Speaking of Marvel, the story inside opens with an escaped con who wanders onto a nuclear test site just as an atomic bomb is about to go off. He’s hiding in a cave when the bomb goes off and the effects of the radiation and unleashed chemicals in the earth cause his body to mutate. All together now… “Gee, isn’t that the same origin that appeared two years earlier in the Incredible Hulk?” I mean, from comic books very beginnings, its tropes were practically considered public domain, but geewillikers… make an effort, huh? Anyway, the escaped con, Luke Elrod, now has the ability to change himself in to anything he wants animal, vegetable mineral or atomic. Over the course of the story he turns himself into tree roots, a jackhammer, Barry Allen, water, a bag of jewels, a piece of paper, a small airplane, and finally a guided missile with and atomic warhead designed to seek out the Flash, which the Flash lures to vast wasteland on the outskirts of Central City (huh? again) where it detonates because the Flash turns himself back into Barry Allen and the bomb doesn’t know what to do. Now readers of this blog know that I have all the respect in the world for Gardner Fox, but every now and then we all come up with a silly story. Fox’s mistake was that he wrote this one down.

He made up for it though in the Kid Flash story that followed where he dropped one of those cool Flash scientific facts on us like the fact that cellophane when packed tightly enough and set afire… will explode. That’s pretty cool to know. I never tried it, but, who knows? There’s still time.
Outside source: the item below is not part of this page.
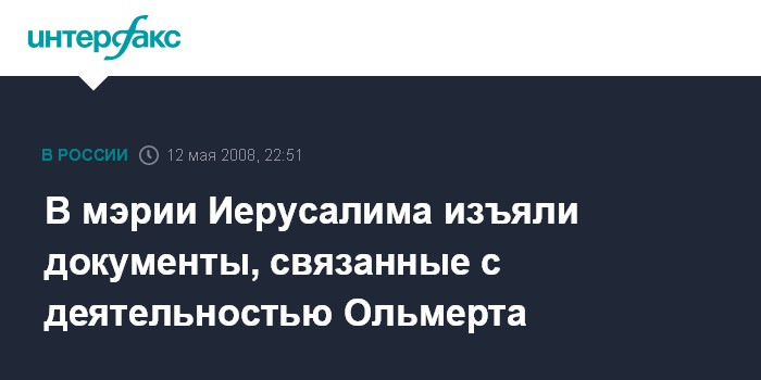 По сообщению газеты "Гаарец", полицейские конфисковали документы, связанные с деятельностью Э.Ольмерта на посту мэра города с 1993 по 2003 год.
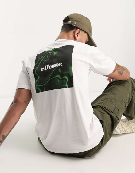ellesse – Vipera – T-Shirt in Weiß mit grünem Acid-Rückenprint

One sad note about this issue is that at the end of the lettercol, it was announced that the Elongated Man would be leaving the Flash and moving to a back-up slot in Detective Comics. Elongated Man, we hardly knew ye. On another page at the back of the mag we saw an ad for the next issue of Mystery in Space with Adam Strange on the cover little realizing that this would be the last Schwartz edited, Infantino drawn, Anderson/Giella inked and Fox written issue with that character. This was all happening because Schwartz and team would be moving over to Detective Comics to attempt to revive the moribund Batman franchise, and, as a result, the Elongated Man and Adam Strange would be sacrificed in the abattoir of clueless managerial dictates. To song-check Bobby, the times were definitely a changin’.